There was no heroic adventure, only bloodshed. Columbus Day should not be a
celebration.

Arawak men and women, naked, tawny, and full of wonder, emergedfrom their
villages onto the island’s beaches and swam out to get a closer look at the
strange big boat. When Columbus and his sailors came ashore, carrying
swords, the Arawaks ran to greet them, brought them food, water, gifts. He
later wrote of this in his log:

    They brought us parrots and balls of cotton and spears and many other
things, which they exchanged for the glass beads and hawks’ bells. They
willingly traded everything they owned. . . They do not bear arms, and do
not know them, for I showed them a sword, they took it by the edge and cut
themselves out of ignorance. They would make fine servants . . . with fifty
men we could subjugate them all and make them do whatever we want.

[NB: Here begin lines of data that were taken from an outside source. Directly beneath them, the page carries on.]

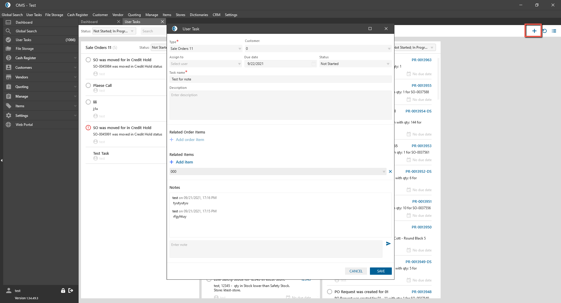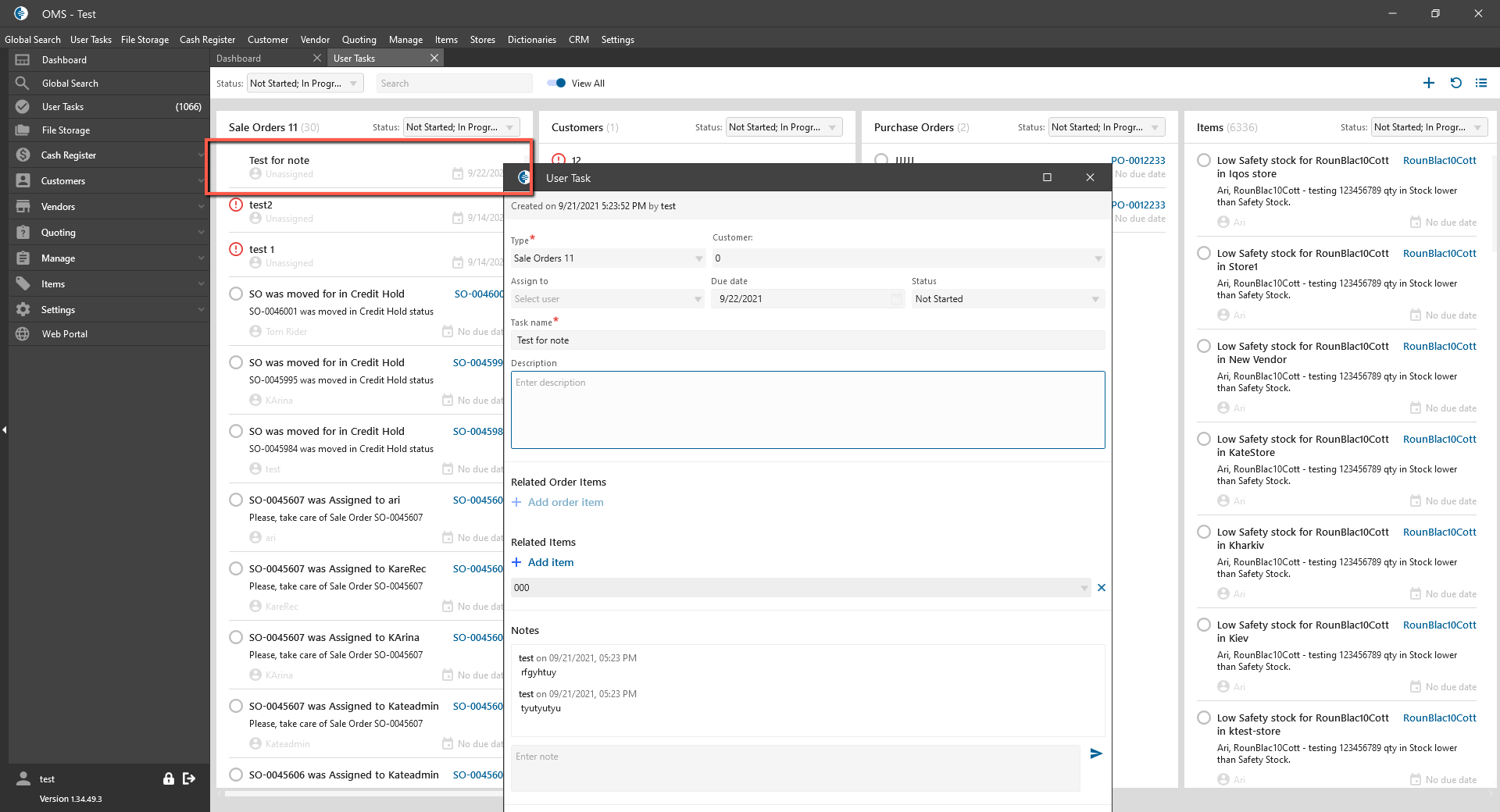 - After note was added -> it displayed in the list with the user who added note, date, and time of creation;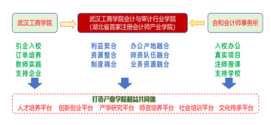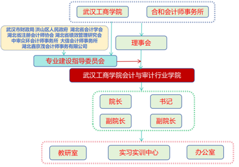 合和会计师事务所2023年营业收入超过4500万元,是2023年度湖北省会计师事务所综合信息评价排行榜本土所第二名。共建方还有武汉市财政局、洪山区人民政府、湖北省会计学会、湖北省注册会计师协会以及中审众环、大信等大型会计师事务所。共建单位共同组建专业建设指导委员会,成为会计产业学院建设的智库。理事会、专业建设指导委员会以及院务会等组织结构,是协同育人体系的组织保障。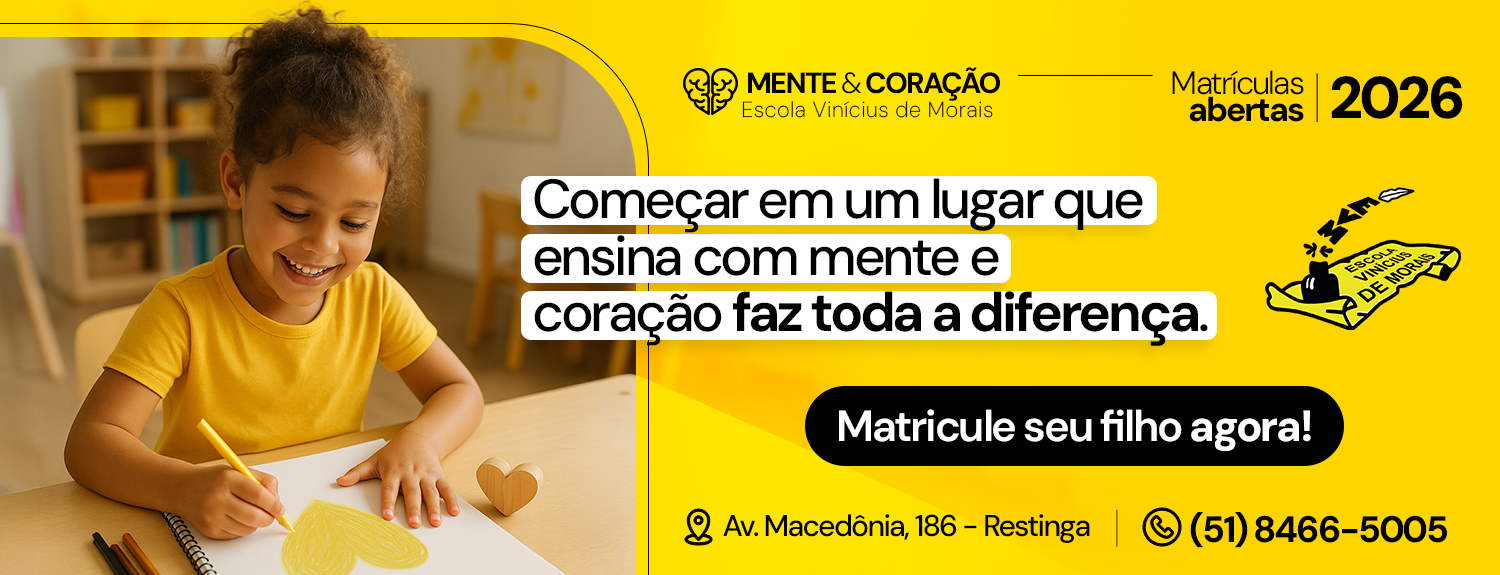 Fundada há 32 anos, a Escola Vinícius de Morais tem sido um farol de educação e desenvolvimento para inúmeras gerações de estudantes. Nossa equipe dedicada de educadores está empenhada em proporcionar um ambiente de aprendizado estimulante, que promove não apenas o conhecimento acadêmico, mas também valores como respeito, responsabilidade e cidadania.

These Arawaks of the Bahama Islands were much like Indians on the mainland,
who were remarkable (European observers were to say again and again) for
their hospitality, their belief in sharing. These traits did not stand out
in the Europe of the Renaissance, dominated as it was by the religion of
popes, the government of kings, the frenzy for money that marked Western
civilization and its first messenger to the Americas, Christopher Columbus.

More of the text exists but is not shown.